_Your assignment_
Each record below should be returned exactly, with its pictures left out.

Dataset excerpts
# # #

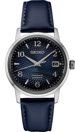 Seiko Presage Cocktail Time. Ofreciendo lo mejor de la relojería mecánica japonesa, la colección Presage combina tecnología de precisión con una artesanía y diseño superiores. Con un enfoque más lúdico de la popular línea inspirada en los cócteles, este encantador reloj forma parte de un grupo que refleja el encanto casual de un bar vacacional. Inspirado en el cóctel Old Clock, su carátula azul degradada presenta un patrón prensado que recuerda la luz reflejada por una copa clásica de cóctel, así como números que evocan las tipografías de etiquetas vintage de licor. El movimiento de 23 joyas, con carga manual y automática, late a una frecuencia de 21,600 vibraciones por hora y cuenta con una reserva de marcha de aproximadamente 41 horas. Fabricado en acero inoxidable, este distintivo reloj incluye calendario, cristal tipo box-shaped, fondo de caja transparente atornillado, correa de piel azul lisa y cierre desplegable tri-fold con pulsador. Resistente al agua 5 bares, 50 metros.
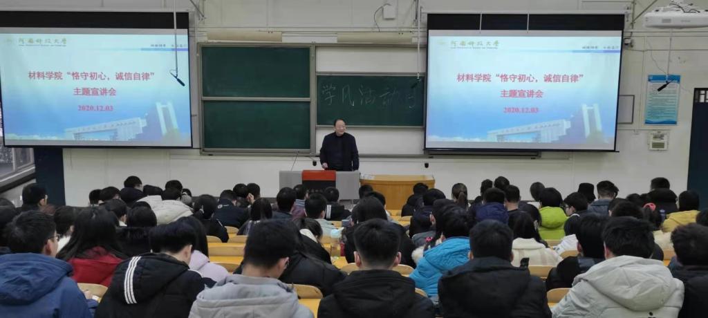 的指导思想,并要求同学们要爱校、爱专业。之后根据科技论文写作引出学术规范、学术道德以及科研诚信等相关热点话题,通过生动鲜活的实例向同学们展示了缺乏科研诚信的严重后果,并要求同学们要恪守底线,认认真真做学术。最后,给广大学子提出几点建议:树立远大目标;珍惜时间,不虚度光阴;养成自主学习的习惯。
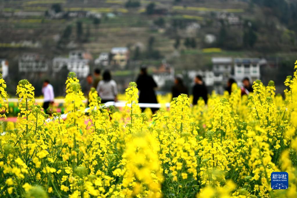 3月10日,人們在貴州省桐梓縣獅溪鎮大興村油菜花田游玩。
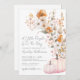 Um Pequeno Pumpkin Está No Caminho dá o tom para este doce e elegante convite ao chá de fraldas, perfeito para celebrar uma garotinha no outono ou outono. O design apresenta um buquê de flores aquáticas colocadas à direita, apresentando uma mistura macia de cor branca, laranja queimada, creme e flores cor-de-rosa pinceladas. Duas abóboras cor-de-rosa sentam-se na parte inferior direita, pareadas com folhas verdes macios para criar um aspecto quente, acolhedor e convidando a olhar. O texto é estilizado em uma combinação de script manuscrito e fontes clássicas de serifa, dando ao design um sentimento moderno, mas eterno. Perfeito para chás de fraldas de outono com um toque feminino, este design funciona lindamente para celebrações rústicas, boho ou clássicas. Totalmente personalizável e disponível como cartão impresso ou arquivo digital descarregável.
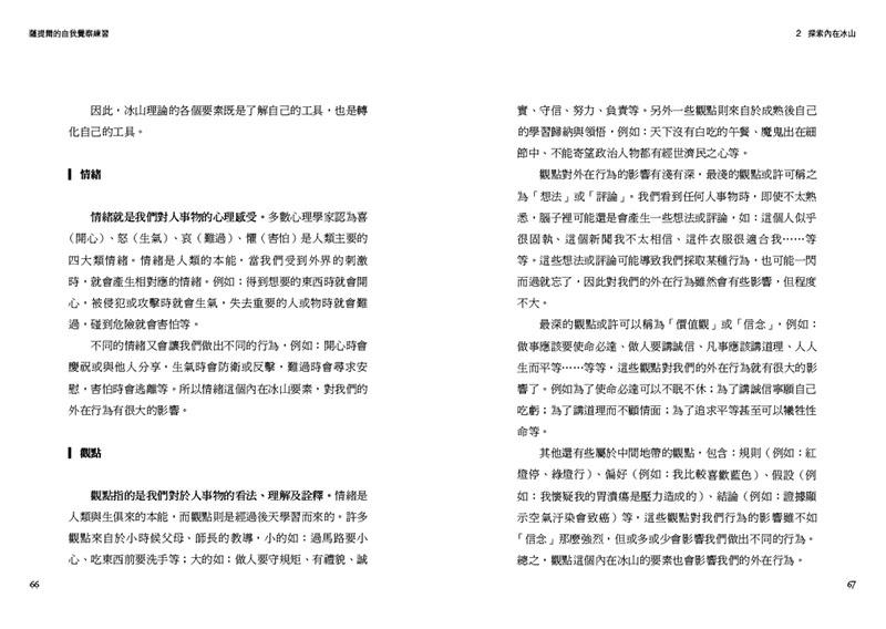 第三部則分別說明「觀點」、「渴望」、「期待」這三個內在冰山要素如何影響我們的外在行為,並提供經由改變自己的觀點模式、渴望模式、期待模式,以跳脫自己的慣性之方法。
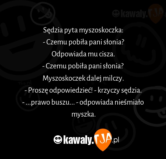 Sedzia pyta myszoskoczka: - Czemu pobila pani slonia? Odpowiada mu cisza. - Czemu pobila pani slonia? Myszoskoczek dalej milczy. - Prosze odpowiedziec! - krzyczy sedzia. - ...prawo buszu... - odpowiada niesmialo myszka.
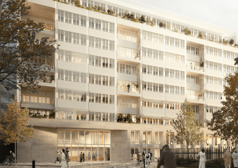 Démolition/reconstruction du bâtiment Synergies en R+9 (hormis ses infrastructures), réhabilitation de l’immeuble en R+5 et restructuration des abords des bâtiments afin d’accueillir un programme composé d’espaces de bureaux (11 000m²) et de logements (6000m²).
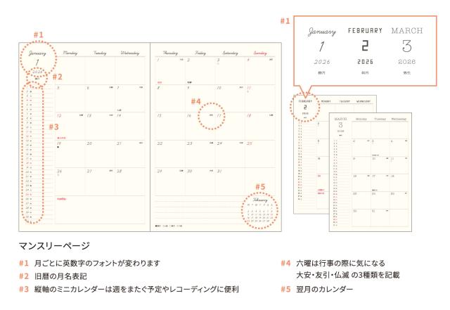 大人女子好みのデザインが充実している『MATOKA』の 2026年1月始まりマンスリーダイアリー。

# # #

_Written answer_
 Seiko Presage Cocktail Time. Ofreciendo lo mejor de la relojería mecánica japonesa, la colección Presage combina tecnología de precisión con una artesanía y diseño superiores. Con un enfoque más lúdico de la popular línea inspirada en los cócteles, este encantador reloj forma parte de un grupo que refleja el encanto casual de un bar vacacional. Inspirado en el cóctel Old Clock, su carátula azul degradada presenta un patrón prensado que recuerda la luz reflejada por una copa clásica de cóctel, así como números que evocan las tipografías de etiquetas vintage de licor. El movimiento de 23 joyas, con carga manual y automática, late a una frecuencia de 21,600 vibraciones por hora y cuenta con una reserva de marcha de aproximadamente 41 horas. Fabricado en acero inoxidable, este distintivo reloj incluye calendario, cristal tipo box-shaped, fondo de caja transparente atornillado, correa de piel azul lisa y cierre desplegable tri-fold con pulsador. Resistente al agua 5 bares, 50 metros.
 的指导思想,并要求同学们要爱校、爱专业。之后根据科技论文写作引出学术规范、学术道德以及科研诚信等相关热点话题,通过生动鲜活的实例向同学们展示了缺乏科研诚信的严重后果,并要求同学们要恪守底线,认认真真做学术。最后,给广大学子提出几点建议:树立远大目标;珍惜时间,不虚度光阴;养成自主学习的习惯。
 3月10日,人們在貴州省桐梓縣獅溪鎮大興村油菜花田游玩。
 Um Pequeno Pumpkin Está No Caminho dá o tom para este doce e elegante convite ao chá de fraldas, perfeito para celebrar uma garotinha no outono ou outono. O design apresenta um buquê de flores aquáticas colocadas à direita, apresentando uma mistura macia de cor branca, laranja queimada, creme e flores cor-de-rosa pinceladas. Duas abóboras cor-de-rosa sentam-se na parte inferior direita, pareadas com folhas verdes macios para criar um aspecto quente, acolhedor e convidando a olhar. O texto é estilizado em uma combinação de script manuscrito e fontes clássicas de serifa, dando ao design um sentimento moderno, mas eterno. Perfeito para chás de fraldas de outono com um toque feminino, este design funciona lindamente para celebrações rústicas, boho ou clássicas. Totalmente personalizável e disponível como cartão impresso ou arquivo digital descarregável.
 第三部則分別說明「觀點」、「渴望」、「期待」這三個內在冰山要素如何影響我們的外在行為,並提供經由改變自己的觀點模式、渴望模式、期待模式,以跳脫自己的慣性之方法。
 Sedzia pyta myszoskoczka: - Czemu pobila pani slonia? Odpowiada mu cisza. - Czemu pobila pani slonia? Myszoskoczek dalej milczy. - Prosze odpowiedziec! - krzyczy sedzia. - ...prawo buszu... - odpowiada niesmialo myszka.
 Démolition/reconstruction du bâtiment Synergies en R+9 (hormis ses infrastructures), réhabilitation de l’immeuble en R+5 et restructuration des abords des bâtiments afin d’accueillir un programme composé d’espaces de bureaux (11 000m²) et de logements (6000m²).
 大人女子好みのデザインが充実している『MATOKA』の 2026年1月始まりマンスリーダイアリー。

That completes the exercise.